▸ PROBLEM: Every line from the one containing "从新开工和竣工面积看,都出现" to the one containing "Reproduksi virus terdiri" in the records below, both included, must be set down exactly, and no other line.

▸ SOURCE MATERIAL:

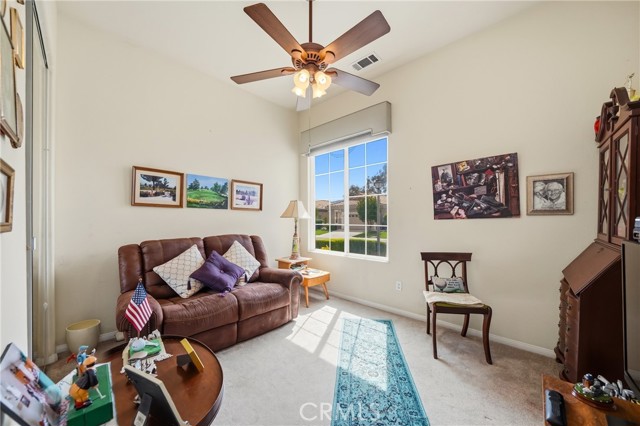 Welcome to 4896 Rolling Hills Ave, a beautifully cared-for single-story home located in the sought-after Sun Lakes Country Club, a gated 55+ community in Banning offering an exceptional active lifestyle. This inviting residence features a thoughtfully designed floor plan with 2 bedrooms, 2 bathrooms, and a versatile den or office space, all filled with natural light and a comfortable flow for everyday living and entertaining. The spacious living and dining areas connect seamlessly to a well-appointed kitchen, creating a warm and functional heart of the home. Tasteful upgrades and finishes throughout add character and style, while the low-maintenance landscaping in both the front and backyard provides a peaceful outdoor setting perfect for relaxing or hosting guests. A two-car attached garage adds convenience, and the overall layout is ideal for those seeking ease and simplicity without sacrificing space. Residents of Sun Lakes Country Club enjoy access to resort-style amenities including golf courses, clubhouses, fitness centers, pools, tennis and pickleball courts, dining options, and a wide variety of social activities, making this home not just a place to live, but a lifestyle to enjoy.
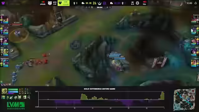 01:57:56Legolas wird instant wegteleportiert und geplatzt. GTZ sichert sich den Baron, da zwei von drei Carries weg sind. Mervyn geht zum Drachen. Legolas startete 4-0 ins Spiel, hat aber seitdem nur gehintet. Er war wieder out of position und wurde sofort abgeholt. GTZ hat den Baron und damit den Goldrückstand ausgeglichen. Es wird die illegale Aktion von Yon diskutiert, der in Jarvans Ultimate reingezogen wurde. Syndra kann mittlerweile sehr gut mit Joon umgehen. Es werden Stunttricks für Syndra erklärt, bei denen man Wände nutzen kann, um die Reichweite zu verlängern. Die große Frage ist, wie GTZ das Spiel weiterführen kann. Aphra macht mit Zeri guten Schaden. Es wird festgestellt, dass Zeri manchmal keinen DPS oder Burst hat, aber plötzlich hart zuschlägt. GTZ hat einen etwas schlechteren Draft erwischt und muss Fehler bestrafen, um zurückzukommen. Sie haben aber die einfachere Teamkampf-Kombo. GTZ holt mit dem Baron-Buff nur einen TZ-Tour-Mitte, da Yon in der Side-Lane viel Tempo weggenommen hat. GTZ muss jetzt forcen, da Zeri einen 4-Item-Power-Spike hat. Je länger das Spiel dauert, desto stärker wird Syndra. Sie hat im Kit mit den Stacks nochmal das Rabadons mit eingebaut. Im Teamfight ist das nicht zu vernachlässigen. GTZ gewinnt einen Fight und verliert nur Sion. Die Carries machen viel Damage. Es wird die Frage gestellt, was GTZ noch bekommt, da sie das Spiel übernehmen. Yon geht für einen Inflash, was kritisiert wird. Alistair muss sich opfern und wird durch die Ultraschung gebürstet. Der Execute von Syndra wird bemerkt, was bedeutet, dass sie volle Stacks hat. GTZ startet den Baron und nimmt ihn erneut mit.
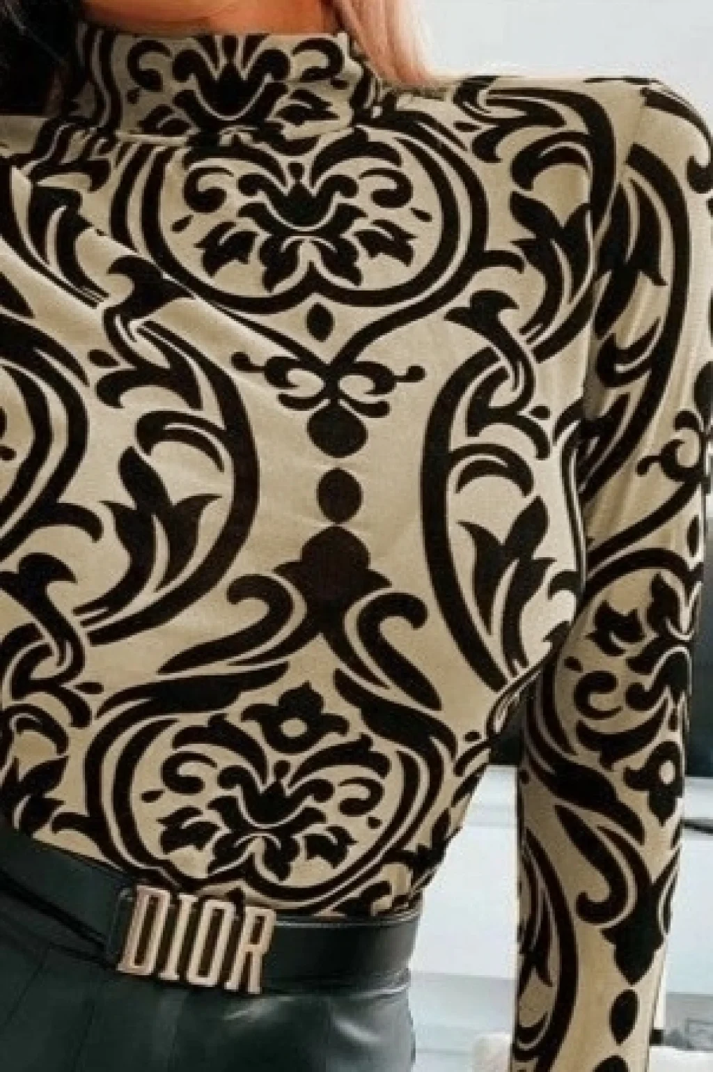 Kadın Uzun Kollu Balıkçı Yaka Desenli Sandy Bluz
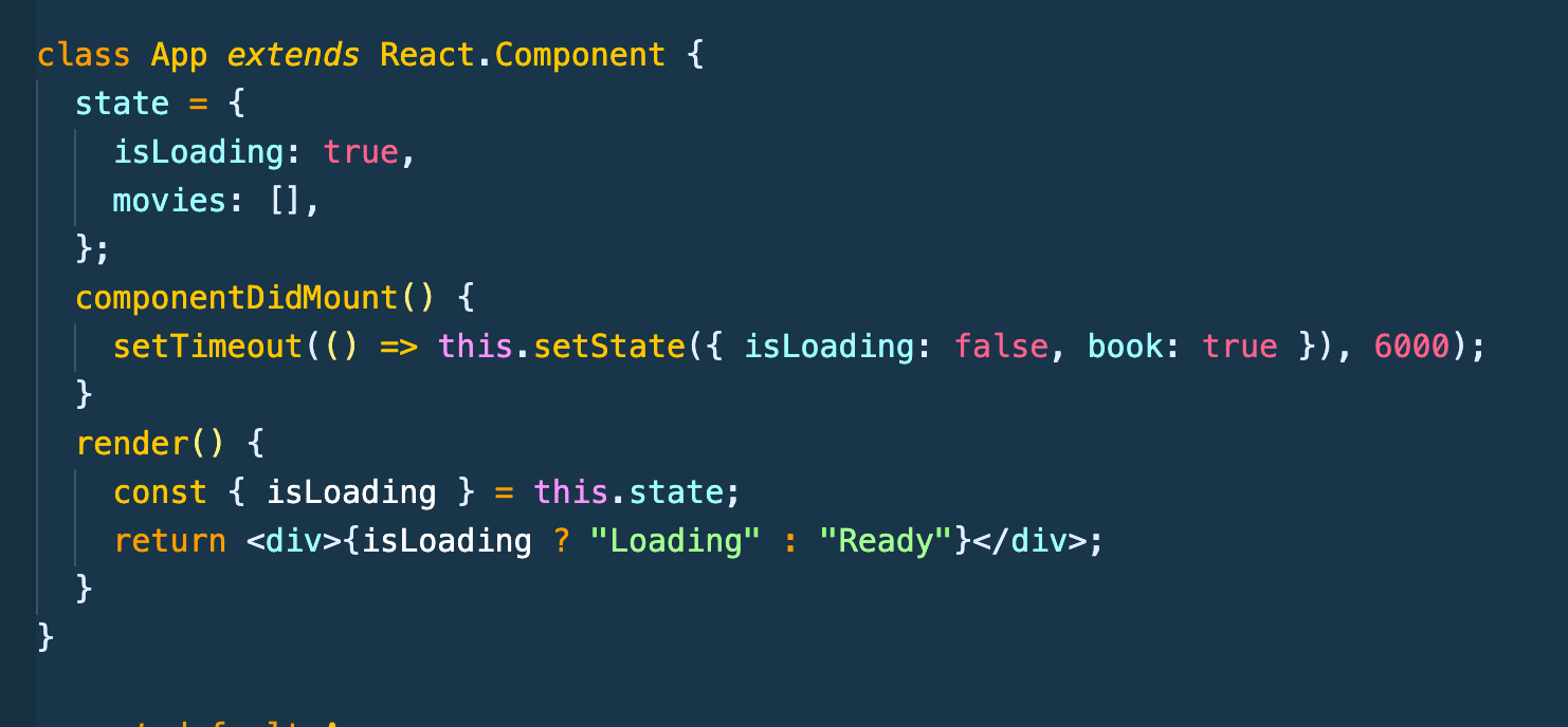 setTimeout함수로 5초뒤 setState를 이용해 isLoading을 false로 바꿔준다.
--
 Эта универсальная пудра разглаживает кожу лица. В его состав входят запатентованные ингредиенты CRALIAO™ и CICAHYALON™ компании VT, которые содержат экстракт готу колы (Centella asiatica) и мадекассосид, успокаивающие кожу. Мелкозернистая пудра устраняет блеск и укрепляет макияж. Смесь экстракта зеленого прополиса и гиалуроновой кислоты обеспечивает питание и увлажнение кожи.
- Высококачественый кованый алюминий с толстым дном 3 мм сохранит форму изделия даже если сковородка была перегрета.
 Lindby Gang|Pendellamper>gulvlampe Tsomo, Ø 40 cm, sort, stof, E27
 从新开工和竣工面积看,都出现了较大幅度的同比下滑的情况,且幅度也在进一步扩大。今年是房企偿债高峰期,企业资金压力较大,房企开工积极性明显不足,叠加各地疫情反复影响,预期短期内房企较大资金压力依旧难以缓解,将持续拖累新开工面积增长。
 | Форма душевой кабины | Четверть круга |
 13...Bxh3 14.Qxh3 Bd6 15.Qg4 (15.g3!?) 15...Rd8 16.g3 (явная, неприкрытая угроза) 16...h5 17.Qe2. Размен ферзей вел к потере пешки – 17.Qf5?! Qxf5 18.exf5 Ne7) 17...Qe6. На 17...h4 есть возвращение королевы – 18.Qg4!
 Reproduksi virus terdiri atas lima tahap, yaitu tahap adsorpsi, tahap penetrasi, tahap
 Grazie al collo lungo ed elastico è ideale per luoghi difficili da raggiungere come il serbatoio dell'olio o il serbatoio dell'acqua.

▸ EXERCISE SOLUTION:
 从新开工和竣工面积看,都出现了较大幅度的同比下滑的情况,且幅度也在进一步扩大。今年是房企偿债高峰期,企业资金压力较大,房企开工积极性明显不足,叠加各地疫情反复影响,预期短期内房企较大资金压力依旧难以缓解,将持续拖累新开工面积增长。
 | Форма душевой кабины | Четверть круга |
 13...Bxh3 14.Qxh3 Bd6 15.Qg4 (15.g3!?) 15...Rd8 16.g3 (явная, неприкрытая угроза) 16...h5 17.Qe2. Размен ферзей вел к потере пешки – 17.Qf5?! Qxf5 18.exf5 Ne7) 17...Qe6. На 17...h4 есть возвращение королевы – 18.Qg4!
 Reproduksi virus terdiri atas lima tahap, yaitu tahap adsorpsi, tahap penetrasi, tahap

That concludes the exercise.